Indian central financial institution information level to first ever recession | India Information
Figures from the Reserve Bank of India suggest the economy contracted 8.6 percent in the July-September quarter after falling over the past three months.
India’s economy likely contracted for a second straight quarter, according to a team of economists including Michael Patra, the central bank’s deputy governor for monetary policy, pushing the country into an unprecedented recession.
Gross domestic product declined 8.6% in the quarter to September, the Reserve Bank of India showed in its first published “Nowcast,” which is an estimate based on radio frequency data. The economy collapsed by around 24% from April to June.
“India entered a technical recession for the first time in its history in the first half of 2020-21,” the authors wrote. The government is expected to release official statistics on November 27th. The median forecast in a Bloomberg poll of economists predicts a 10.4% decline in the July-September quarter.

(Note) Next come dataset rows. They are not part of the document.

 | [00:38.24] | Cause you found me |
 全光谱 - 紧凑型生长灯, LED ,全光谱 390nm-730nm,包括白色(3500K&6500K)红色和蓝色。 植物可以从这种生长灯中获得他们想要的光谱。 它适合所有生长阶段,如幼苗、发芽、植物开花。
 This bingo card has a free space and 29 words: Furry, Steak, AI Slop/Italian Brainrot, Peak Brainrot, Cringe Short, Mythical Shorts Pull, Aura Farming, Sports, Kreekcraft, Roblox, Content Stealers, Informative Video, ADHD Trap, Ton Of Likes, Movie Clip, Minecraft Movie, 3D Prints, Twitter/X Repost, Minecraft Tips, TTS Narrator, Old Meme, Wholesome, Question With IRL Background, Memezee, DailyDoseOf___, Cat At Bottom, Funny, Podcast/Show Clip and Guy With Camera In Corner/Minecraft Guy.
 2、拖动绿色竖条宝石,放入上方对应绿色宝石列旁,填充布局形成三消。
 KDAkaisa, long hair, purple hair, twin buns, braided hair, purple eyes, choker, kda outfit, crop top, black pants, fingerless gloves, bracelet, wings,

[Bloomberg]The number of reserve banks is supported by cost reductions at companies that increased operating profit despite falling sales. The writing team also used a range of indicators, from vehicle sales to bank liquidity flushing, to signal a brightening outlook for October. If this upswing continues, the Indian economy will return to growth in the October-December quarter, earlier than Governor Shaktikanta Das forecast last month when he promised to keep monetary policy accommodative.

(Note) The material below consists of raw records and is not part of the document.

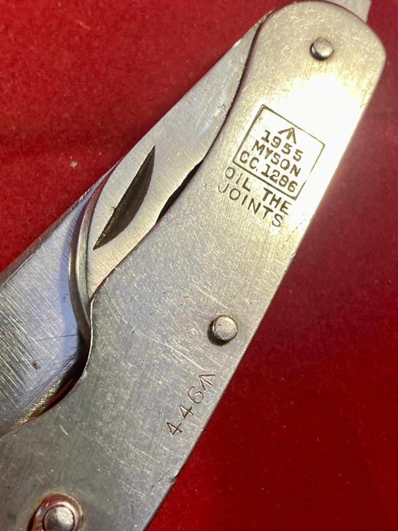 Here on offer is a vintage British military folding, two-piece stainless steel clasp or jack knife, dated 1955 and made by C. Myers & Son Ltd of Sheffield, who had a trade mark of MYSON.
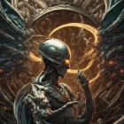A serene profile of a young woman adorned with ornate wings and a celestial background, blending intricate patterns and cosmic colors, evoking a sense of ethereal beauty and tranquility.
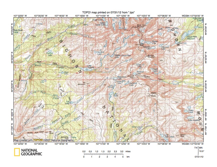Figure 5: South Paint Rock Creek-West Tensleep Creek drainage divide area. United States Geological Survey map digitally presented using National Geographic Society TOPO software.
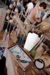 Uncle Thirsty's Cups, a duo from Providence, featured wheel-thrown porcelain cups and vases. They're fired at a high temperature to make the cups usable and dishwasher safe. Almost anything with color found on the mugs and vases is a vintage decal they order from the Midwest and transfer them on top of the ironed-on images on the mugs. The process can best be described to non-artistic folk as "applying a press-on tattoo." Their work is for sale at the RISD Gallery, as well as Queen of Hearts, soon to be expanding with Modern Love, both in Providence.
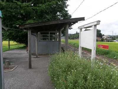 待合室の脇から駅へ入る構造です。駅と道路は少し離れています。
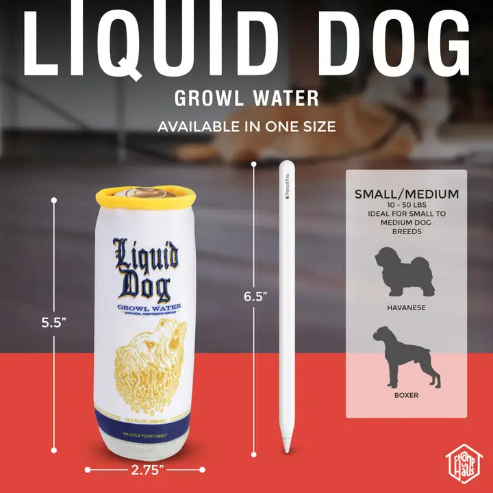A playful parody of a famous beverage brand, this plush water toy brings humor and fun to fetch time. Sized perfectly for small to medium dogs at 5.5"x2.75", it features soft
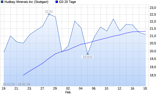 Mit dem Rücksetzer auf 21,13 EUR hat die Hudbay Minerals-Aktie am 17.02.2026 die 20-Tage-Linie nach unten gekreuzt.Die Hudbay Minerals-Aktie befindet sich seit dem 05.08.2025 ...weiterlesen
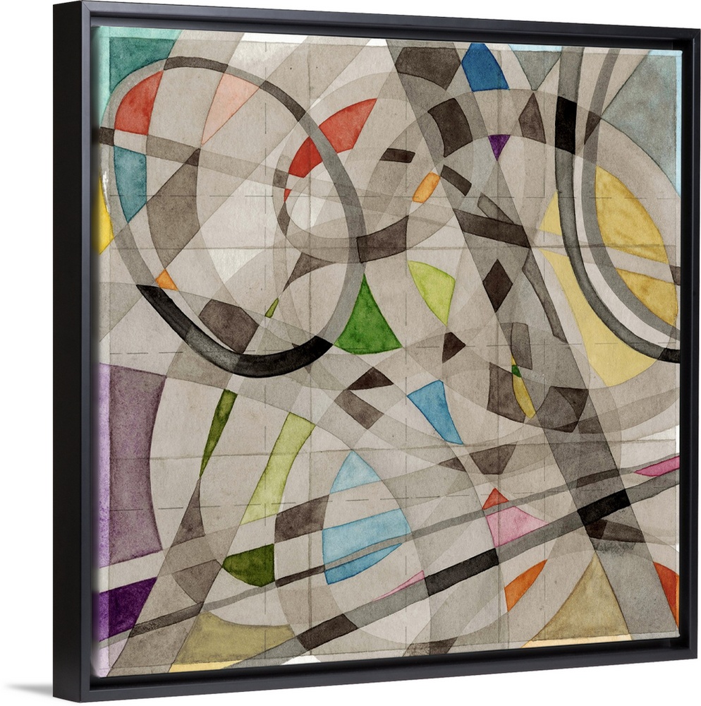 <p>Contemporary abstract painting using geometric shapes and bold semi-transparent colors.</p>
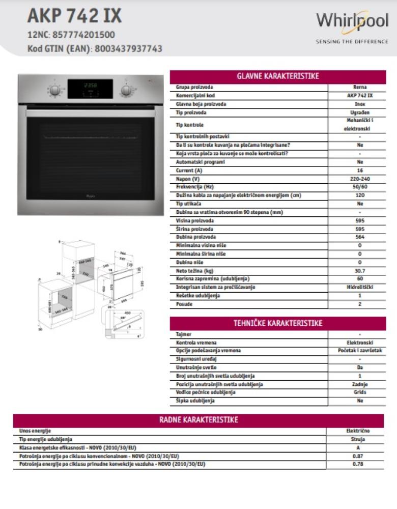 Funkcija toplog vazduha: 0.79 kWh/ciklus
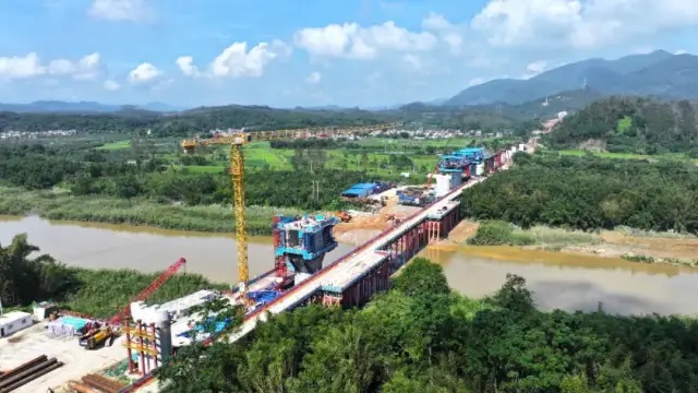 ▲ 深南铁路跨新兴江特大桥项目建设正酣。钟正谦 摄
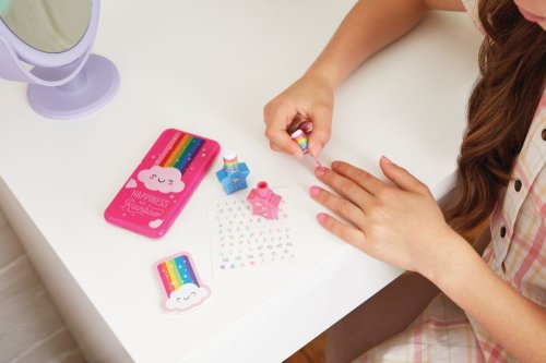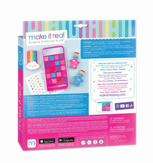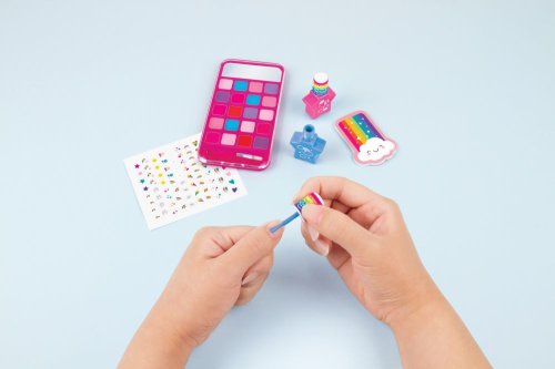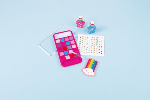 Paletka lesků na rty ve tvaru mobilního telefonu. Třpytivé aplikace, které můžete použít k tomu, abyste byly šik. Set obsahuje: 1 paletku lesků na rty s aplikátorem, 2 laky na nehty, 1 pilník na nehty a 1 arch samolepek na nehty. Baleno v krabici. Vhodné pro děti od 8 let. Laky na nehty jsou na vodní bázi a lze je odstranit jemným třením teplou vodou a mýdlem.

“However, there is a serious risk of price pressures generalizing and inflation expectations unbundling, leading to a loss of credibility in policy interventions,” the economists wrote in the Reserve Bank’s bulletin. They also pointed out the risks to global growth from a second wave of coronavirus infections.
“Lurking around the corner is the third major risk – the worsening, but not diminishing, stress in households and businesses that could affect the financial sector,” the economists concluded. “We live in challenging times.”
Consumers have cut their spending as millions have lost their jobs and preferred to throw away cash. Preliminary estimates in the central bank bulletin showed household financial savings to rise to 21.4% of GDP from April to June, compared to 7.9% for the same period last year and 10% from January to March. The bulk of these savings are bank deposits.
“The trend towards higher than usual household financial savings may continue for some time before the pandemic subsides and consumption levels normalize,” wrote Sanjay Kumar Hansda, Anupam Prakash and Anand Prakash Ekka of the RBI, adding that this could decrease as the virus curve flattens and economic activity picks up.